10 of 282 comments (clear)

  1. 1984 by Anonymous Coward · · Score: 5, Insightful

    Just checked the calendar. It is 1984.

    1. Re:1984 by sTERNKERN · · Score: 3, Insightful

      Wish I had mod points... First I thought of a +1 Funny but on second thought it should be +1 Informative.

  2. no end-to-end no streaming media by Anonymous Coward · · Score: 5, Insightful

    So how will things like netflix work without end to end encryption?
    Does this mean the end of https and secure transactions?

    Looks like, as usual, the politicians do not understand the technology.

  3. Not possible by SmilingBoy · · Score: 5, Insightful

    If someone like an ISP can remove an encryption, it is not end-to-end encryption in the first place.

    1. Re:Not possible by bluefoxlucid · · Score: 3, Insightful

      TLS has unique challenges in this regard.

      In theory, a hostile Government can pressure the CA to provide a signature for a MITM certificate, although this is transparent (it's easily discovered if that certificate is ever revoked, and identifiable if the old certificate is known).

      A hostile Government can pressure the end provider (e.g.

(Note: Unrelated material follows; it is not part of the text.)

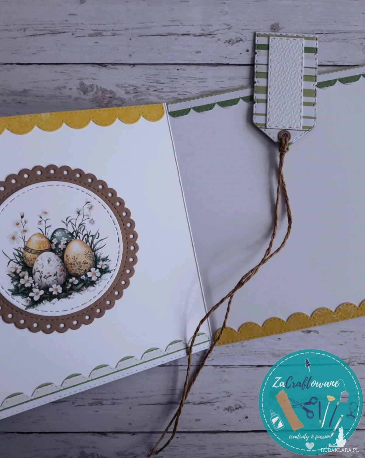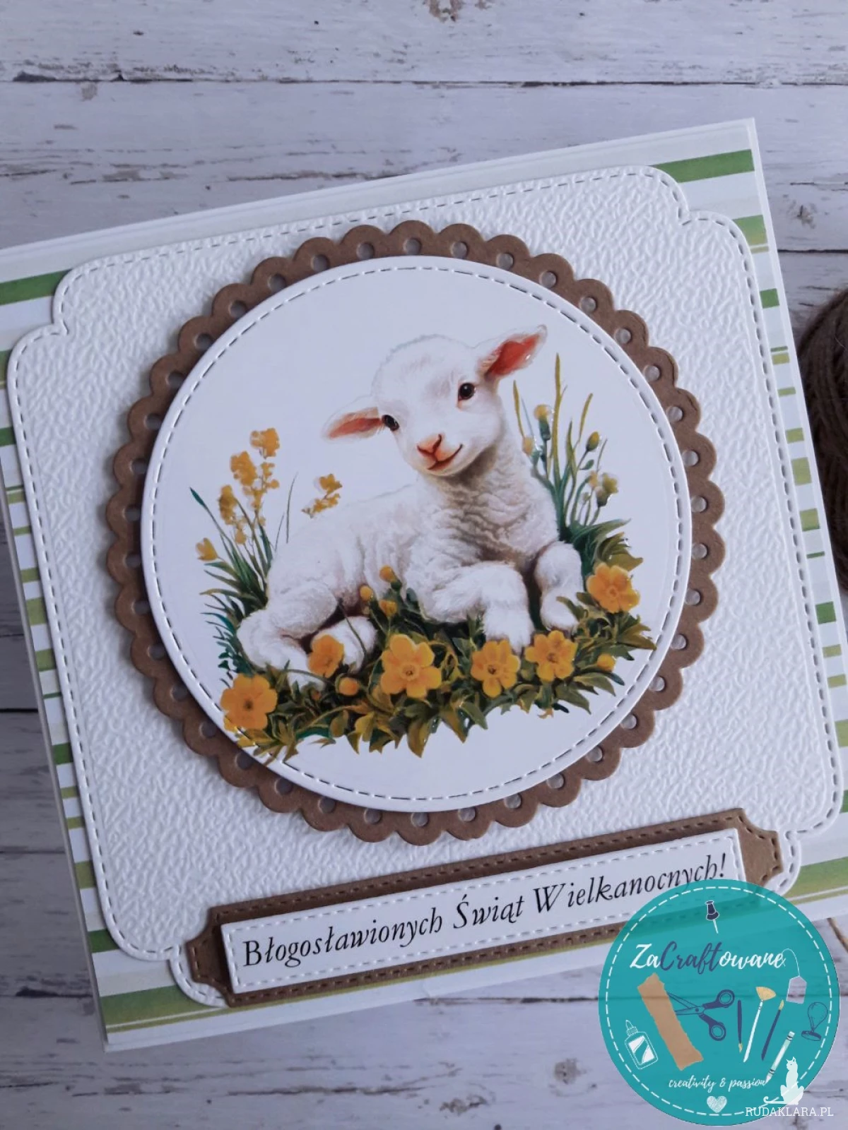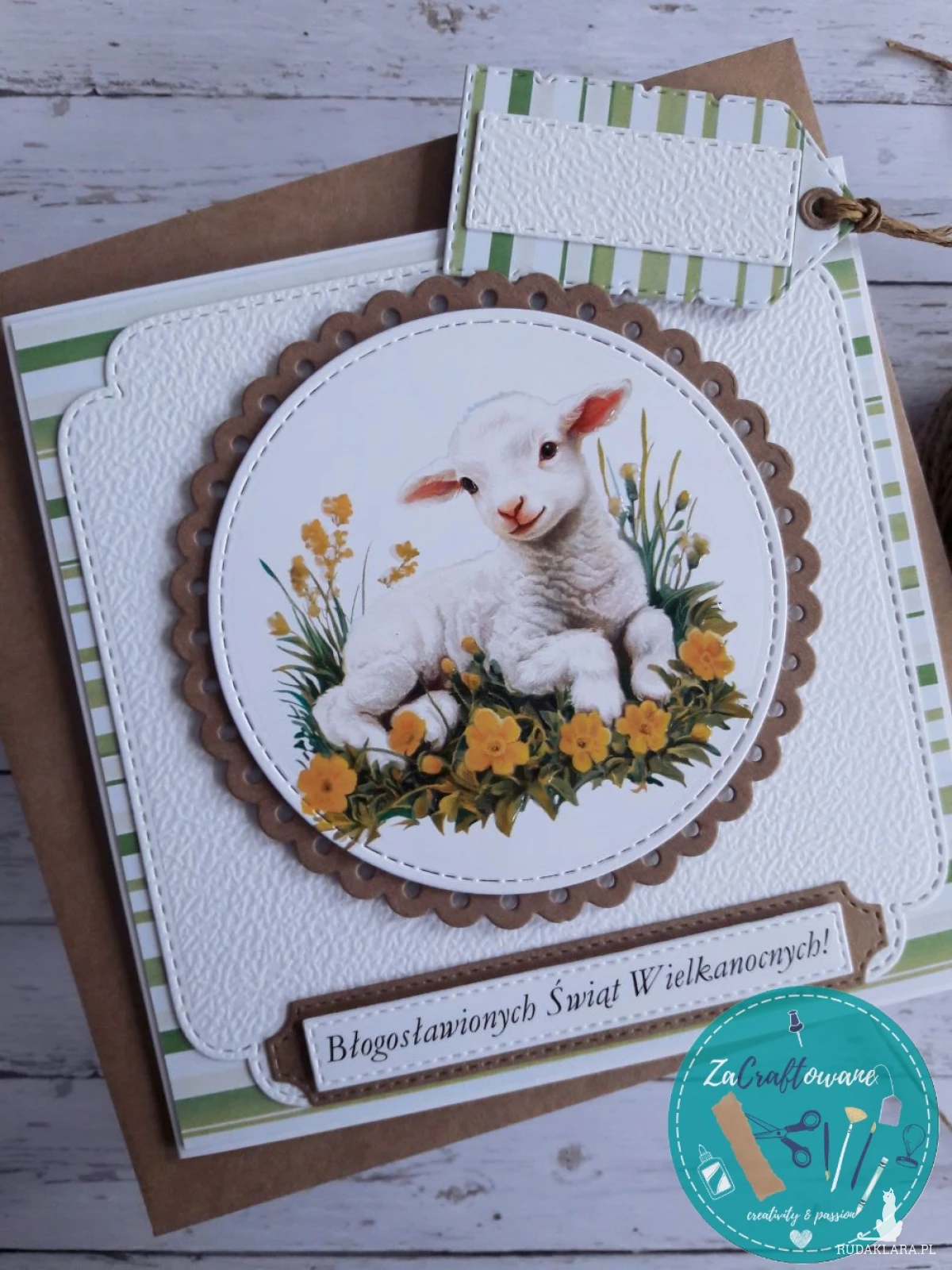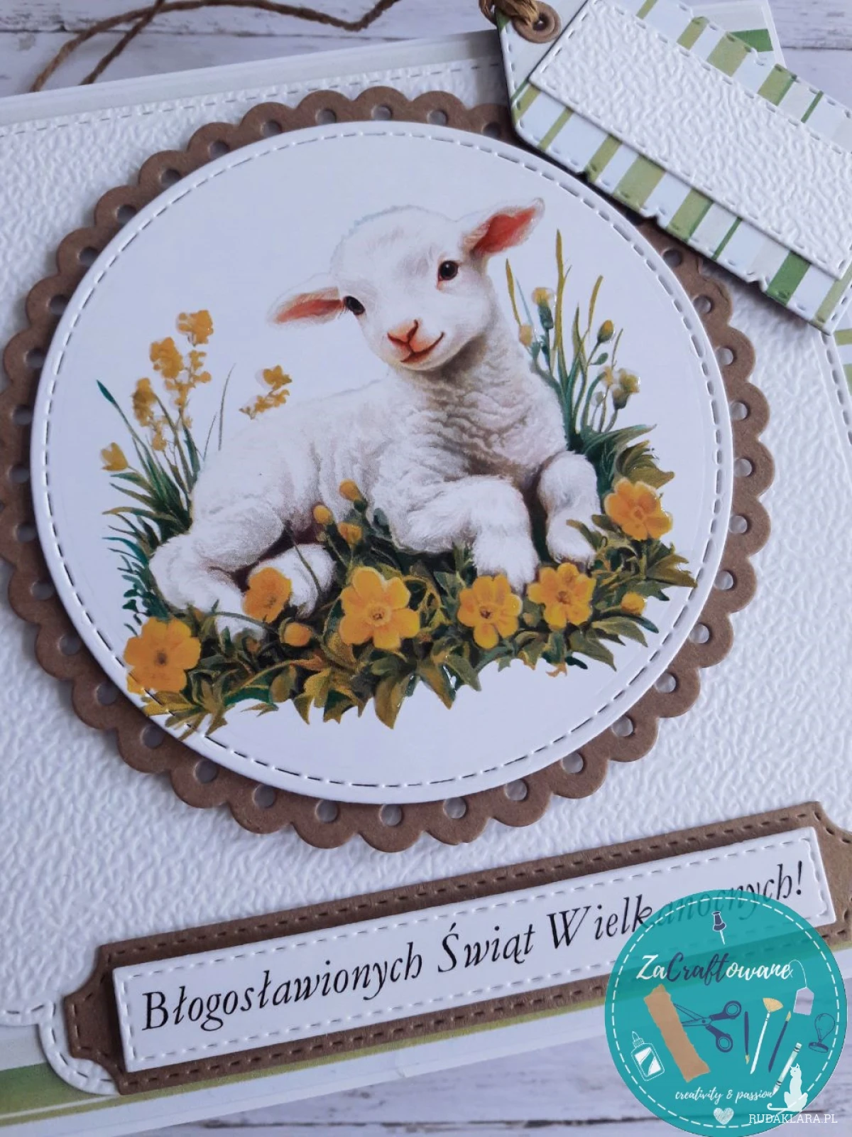 Ręcznie robiona kartka wielkanocna z barankiem wykonana metodą scrapbookingu, z dbałością o każdy szczegół.

Google) to submit their Private key, thus breaking TLS: the Client asks the Server for its Certificate, then uses that Certificate to dictate a session key (and client certificate) to the Server. A passive eavesdropper with the server's Private Key can decrypt this exchange.

      The best I can come up with is the Client sends the Server a random public key, and the Server sends the Client a session key; then the hostile Government must use a MITM to break it. A passive eavesdropper can be stopped, but an active MITM can't.

      Your endpoints have to be non-hostile for end-to-end encryption to work. If they're infiltrated, it doesn't work.

  4. Re:My illusions have been shattered by 110010001000 · · Score: 5, Insightful

    Stop blaming racism for every decision that voters make you don't like. Idiots.

  5. Mindlessly unenforceable by RandCraw · · Score: 3, Insightful

    This law would require dispensations for credit cards, banks, point of sale software, (the government itself), and many more infrastructural e-orgs that cannot function without encryption.

    It would also require makers of cell phones that encrypt, Facebook (soon), and increasinly many e-firms to recognize any device/account as being ENGLISH so that it can selectively stomp all over those peoples' freedoms.

    It will also generate an *ungodfy* large amount of data that will swamp the GCHQ's resources and waste their time sifting through zottabytes of drivel, since BAD GUYS DON"T CHAT ON THE PHONE.

    This policy is so halfass and dumbass that it'll be impossible to enforce.

  6. Re:Idioits by Anonymous Coward · · Score: 0, Insightful

    Again, idiots in government finds new ways to turn law abiding citizens into criminals, or even terrorists.

    It's the Progressive way. Make everyday things illegal then enforce it with nuance. That way when the government doesn't like you for some reason, they can go after you.

  7. The power to ban mathematics? by mark-t · · Score: 4, Insightful

    Because truthfully, that us what they are proposing. The banning of any mathematics where the formulas involved are both unknown and cannot trivially be reverse engineered.

  8. Re:Good luck with that? by Grishnakh · · Score: 3, Insightful

    What exactly do they think an ISP is going to be able to do if the data is already encrypted when it hits their network?

    Simple: they legislate that the ISP has to decrypt it.

    It's not much different than the US state government which legislated the Pi equals 3.